All the victims in these thefts have a vested interest in making it appear that they were turned over by master criminals or specialists, as this (somehow) reduces the burden of blame on them for having lax security and no failover/backup system.
However, it's just as likely that the stuff was nicked by a casual thief with a hookey transit and a crow-bar, and the "swag" will end up on eBay or down the scrappy for the however-many pounds per ton that gash electronics fetches these days. Obviously that doesn't put the £billion telco in such a good light, when anyone can break into their critical network hubs and knock their services offline for a considerable period.
Presumably if this had happened during Obama's visit next week it would be counted as a terrorist atrocity, or the conspiracy nuts would be having a field day with it. Maybe they still will?
I remember a spate of similar thefts of Sun kit around the year 2000. The wrong-uns would steal the processor/memory and I/O boards from running E3500/4500/6500 systems - as there were no machine readable serial numbers inside, they could be used in any unpopulated system chassis. I'm guessing there were plenty of empty base units sold in the target territories. The advanced version, used in one particularly large heist, was to leave just enough hardware that the system would reboot and come up, but with little capacity.
I'd be interested to know the make and generation of kit which disappeared here. Still, I supposed it makes a change from the trains being late because the copper in the signalling system was stolen.
I was on the site last week and the targeted piece of kit takes 6months to be custom made.. The buyers will likely be from Russia and the Kit will be used to steal identities and hack into UK mainframes.

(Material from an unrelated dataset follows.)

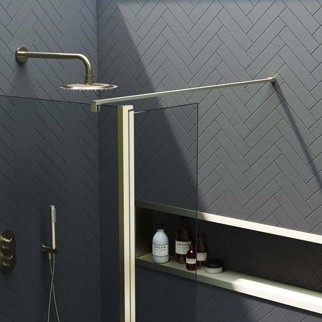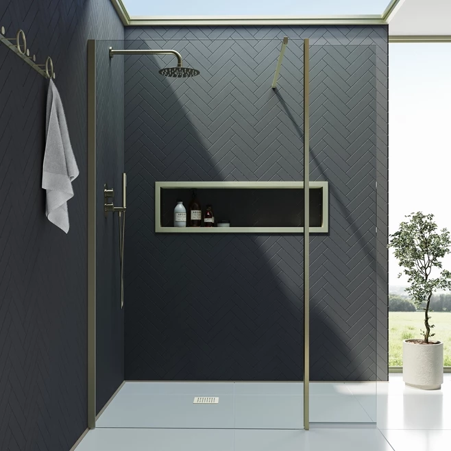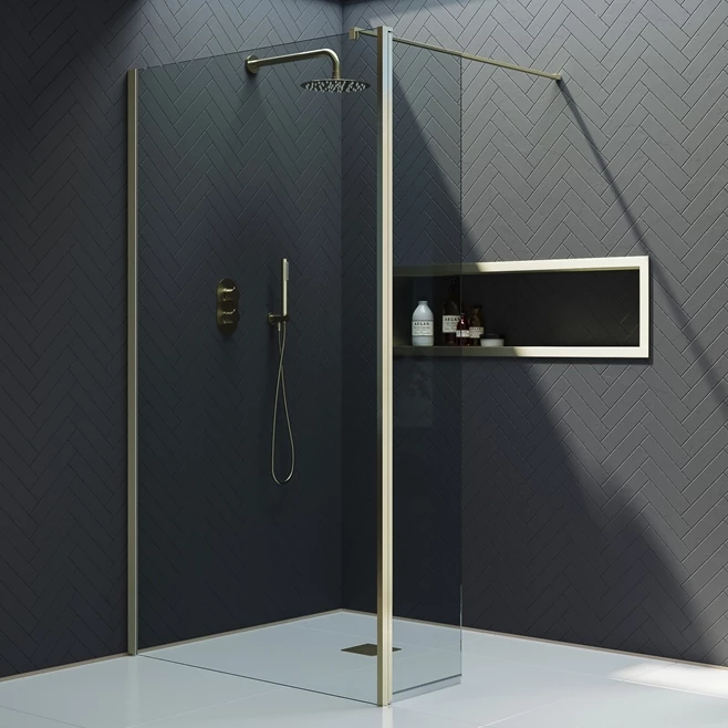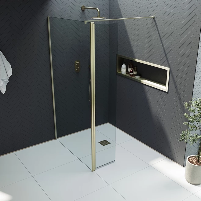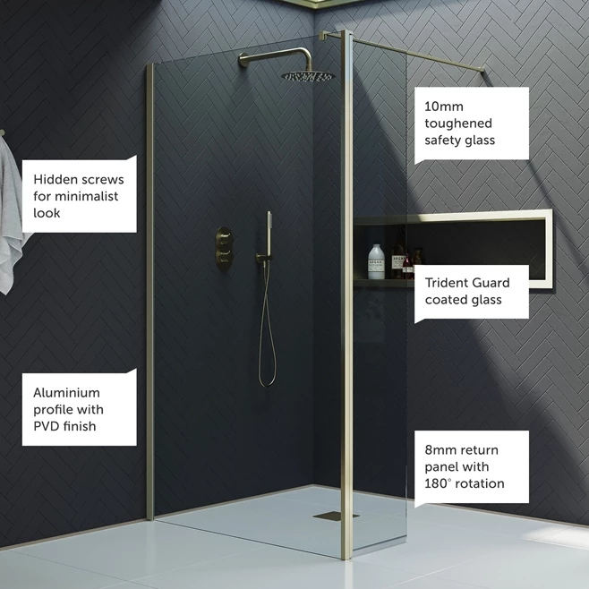 Harbour i10 10mm Easy Clean 2m Tall Wetroom Panel & Hinged Return Panel – Brushed Brass

These sites have 1 engineer and they are unmarked "unknown" sites. Security is very lapse considering the £billions of technical equipment on site and the £100'smillions of cost of downtime.

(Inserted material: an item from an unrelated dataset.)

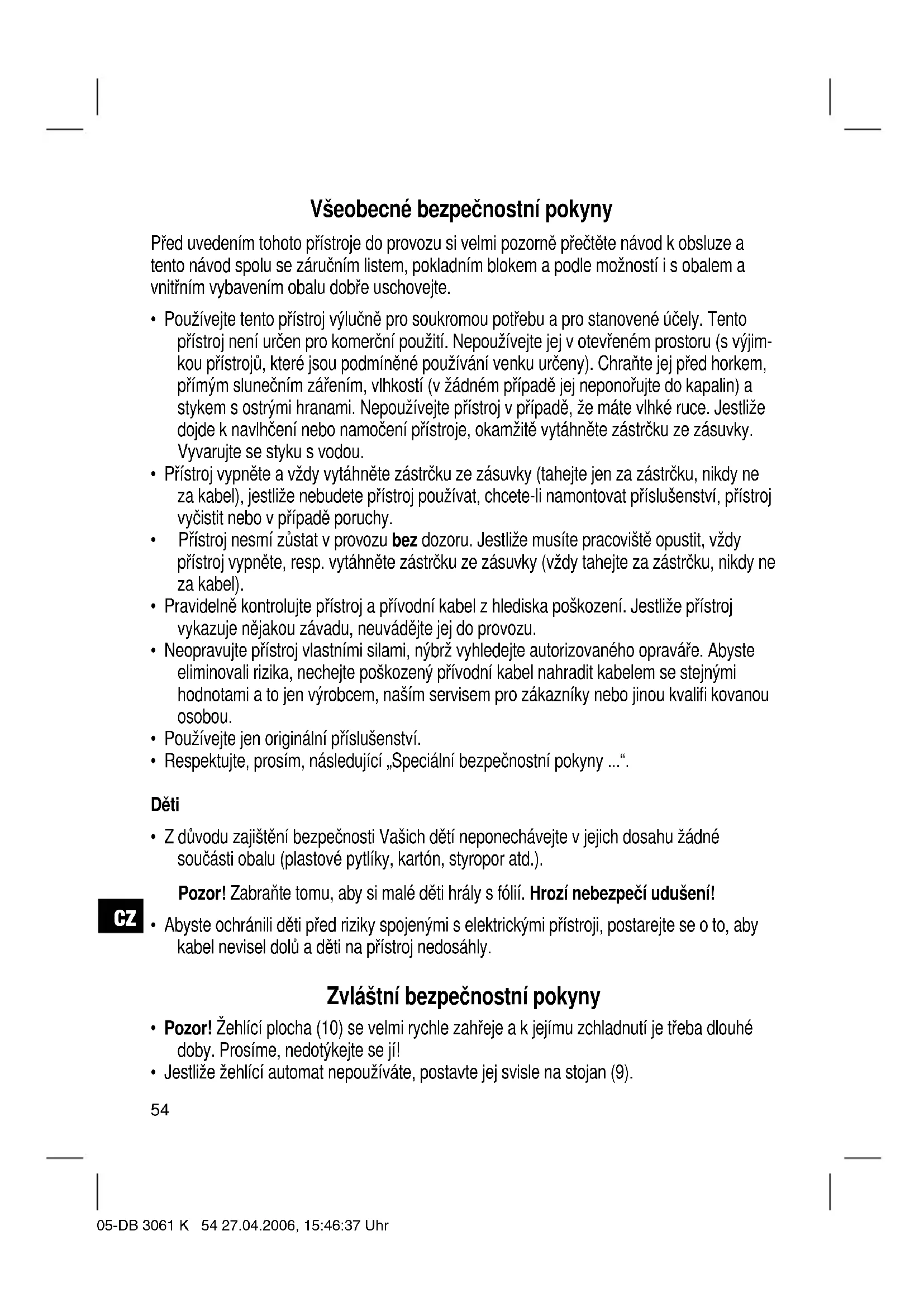 - Abyste ochránili děti před riziky spojenými s elektrickými přístroji, postarejte se o to, aby kabel nevisel dolů a děti na přístroj nedosáhly. Zvláštní bezpečnostní pokyny

Someone mentioned obama and terrorism, forget obama, surely this is a form of terrorism anyway as the theft and vandalism impacts so many people? Maybe if the government would "man up" and treat crimes like these appropriately rather than giving it to the local CID Detective Sergeant to add to his long list of burglaries (as happened in the Vodafone incident, still no arrests) the punishment would fit the crime and the turds responsible would actually get nicked and serve some appropriate time..
(Fail because that's what I think of almost 3 months since the Vodafone break in and no arrests to speak of)
Not in the industry, but my understanding was that remote mobile locations had monitored alarms and even cctv. Obviously pretty slack on the security. How long did it take to notice??? Were they asleep at the network operations centre?
Seems to be a lot of basic unanswered questions here, and the O2 pr department has put a bit of spin on it to deflect this.
It seems suprising that O2 (and presumably others) don't have an emergency roaming agreement with other operators for this sort of problem. Maybe it's a capacity problem, but surely the another operators could take the O2 load between them in return for some cash. I imagine it could even be transparent to end-users in the way Three phones use Orange when there is no Three coverage, yet the phone still shows the operator as Three.
SIMs have a so-called "prohibited network list". The original idea was to make sure that mobiles from other networks in the same country do not eat your signalling capacity by trying to sign up to your network.
In any case, all SIMs from Voda, O2 have each other and Orange as prohibited. You cannot make these roam without replacing the SIM or editing the list which on most phones cannot be done over the air. I do not know where does TOrange stand on that (been a while since I have done GSM). 3 probably does not have a list or it has only some of other operators as it has to roam onto 2G sometimes.
As far as mandatory roaming that is a jolly good idea. However every time this has been put in front of OfCom it has gotten nowhere. The underlying reason is that mandatory roaming implies interconnect tariffs which make calling any network or data from/to any network equal. This will give a non-discriminatory position to any new entrant. They can start with partial coverage and if the roaming is mandatory and non-discriminatory they can operate an offering. That is simply not going to happen and the mobiles have a point there because they used to have coverage covenants on their license.